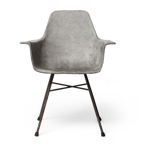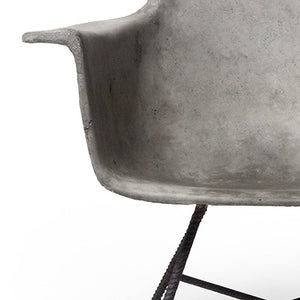 The Hauteville Concrete Armchair - High is part of a collection which draws inspiration from iconic mid-century design with a modern twist. Naked concrete is paired with rebar metal legs, evoking a rough, industrial vibe which provides a bold contrast to the smooth, modern shape of the seat. Despite the use of unconventional materials, the collection offers an incredibly ergonomic and comfortable seat, while ultra-fine sanding gives it a smooth finish.
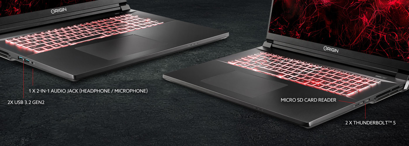 Meet all your connectivity needs with two USB 3.2 Gen2 ports (Type A), two Thunderbolt 5 ports, Mic and Audio jacks, one HDMI, and two Network Jack. Using the Thunderbolt 5 ports, add on up to two 4K displays or a single 8K display. Get even faster network connections for your games with built-in Wifi-7 or an Ethernet 2.5 Port.
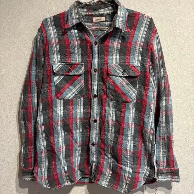 Sugar Cane 체크 무늬 긴팔 플란넬 셔츠
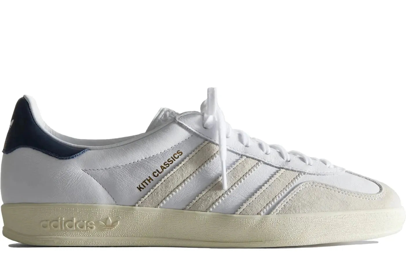 Adorned in white leather with contrasting navy stripes and details, these shoes are redefining street-style. Relace’s Adidas Gazelle Indoor Kith Classics are a perfect blend of retro-modern design and athletic functionality.
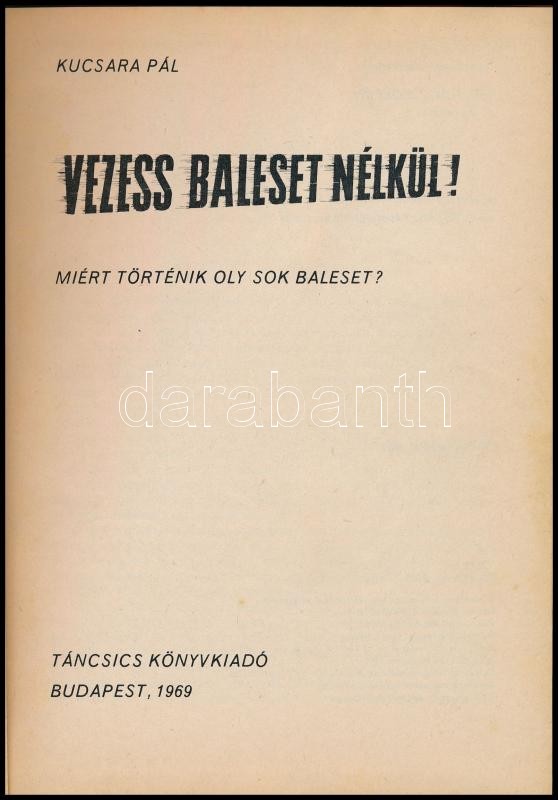 Kucsara Pál: Vezess baleset nélkül! Miért történik oly sok baleset? Bp... https://www.darabanth.com/de/374-Fernauktion/374.0/Bucher/Bucher-Technik~1000015/Kucsara-Pal-Vezess-baleset-nelkul-Miert-tortenik-oly-sok-baleset-Bp-1969-Tancsics-Kia~II2190035
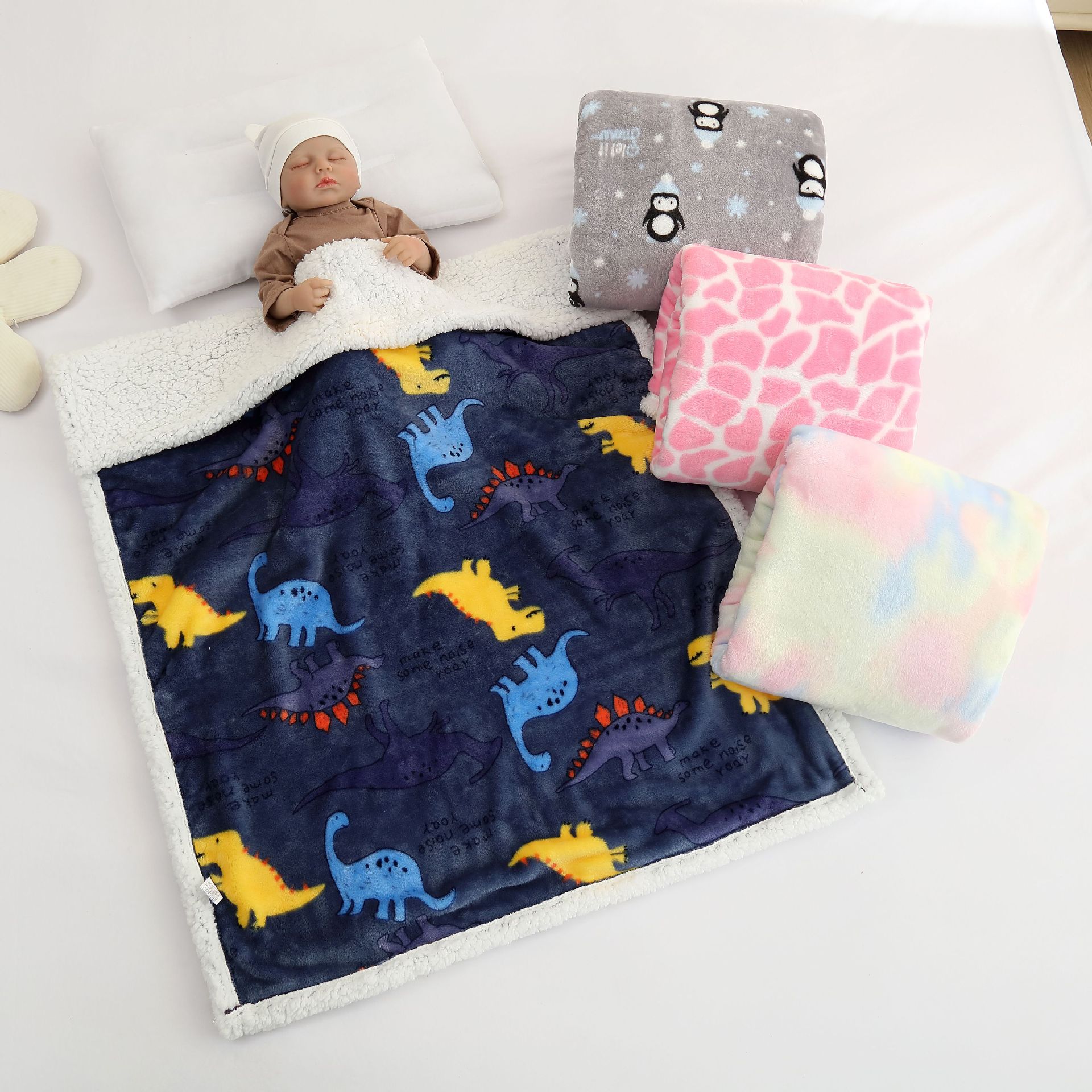 外国貿易クロスボーダーベビー二層ブランケットプリントフランネル子供ブランケット子羊ベルベットベビーブランケット会社ギフトブランケット
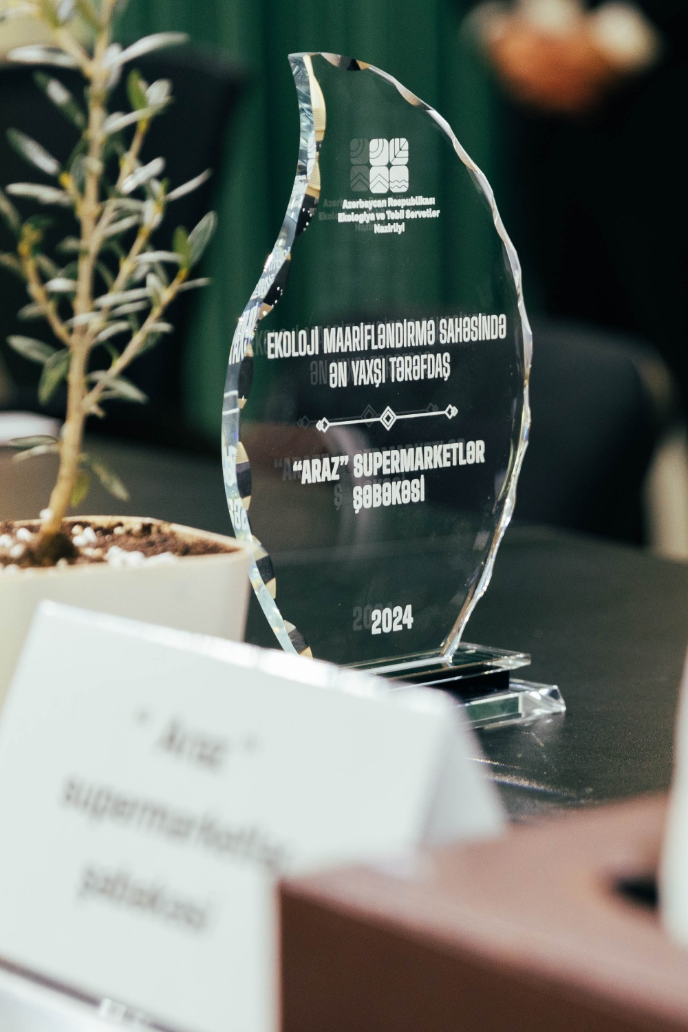 Şirkət 2024-cü ildə ekologiya və təbiətin mühafizəsi sahəsində həyata keçirdiyi layihələrə görə seçilənlərdən olub. Mükafat ekologiya və təbii sərvətlər naziri Muxtar Babayev tərəfindən “Araz” supermarketlər şəbəkəsinin İdarə Heyətinin sədri Rəşad İbrahimova təqdim olunub. Mükafatlandırılma mərasimində çıxış edən M.Babayev bildirib ki, “Araz” supermarketlər şəbəkəsi nazirliklə sıx əməkdaşlıq edən, həyata keçirilən layihələrdə fəal iştirak edən ən yaxşı tərəfdaşlardan biridir. O, şirkətin təbiətin qorunması və ətraf mühitin mühafizəsi istiqamətində həyata keçirdiyi layihələri yüksək qiymətləndirib.
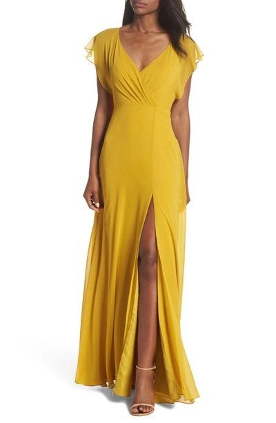 Jenny Yoo Alanna Open Back Chiffon Gown In Chartreuse ModeSens

◆ **Exercise details**
Leave every picture out and print exactly the lines from the one that contains "外国貿易クロスボーダーベビー" through the last line of the material above.

◆ **Answer to this exercise**
 外国貿易クロスボーダーベビー二層ブランケットプリントフランネル子供ブランケット子羊ベルベットベビーブランケット会社ギフトブランケット
 Şirkət 2024-cü ildə ekologiya və təbiətin mühafizəsi sahəsində həyata keçirdiyi layihələrə görə seçilənlərdən olub. Mükafat ekologiya və təbii sərvətlər naziri Muxtar Babayev tərəfindən “Araz” supermarketlər şəbəkəsinin İdarə Heyətinin sədri Rəşad İbrahimova təqdim olunub. Mükafatlandırılma mərasimində çıxış edən M.Babayev bildirib ki, “Araz” supermarketlər şəbəkəsi nazirliklə sıx əməkdaşlıq edən, həyata keçirilən layihələrdə fəal iştirak edən ən yaxşı tərəfdaşlardan biridir. O, şirkətin təbiətin qorunması və ətraf mühitin mühafizəsi istiqamətində həyata keçirdiyi layihələri yüksək qiymətləndirib.
 Jenny Yoo Alanna Open Back Chiffon Gown In Chartreuse ModeSens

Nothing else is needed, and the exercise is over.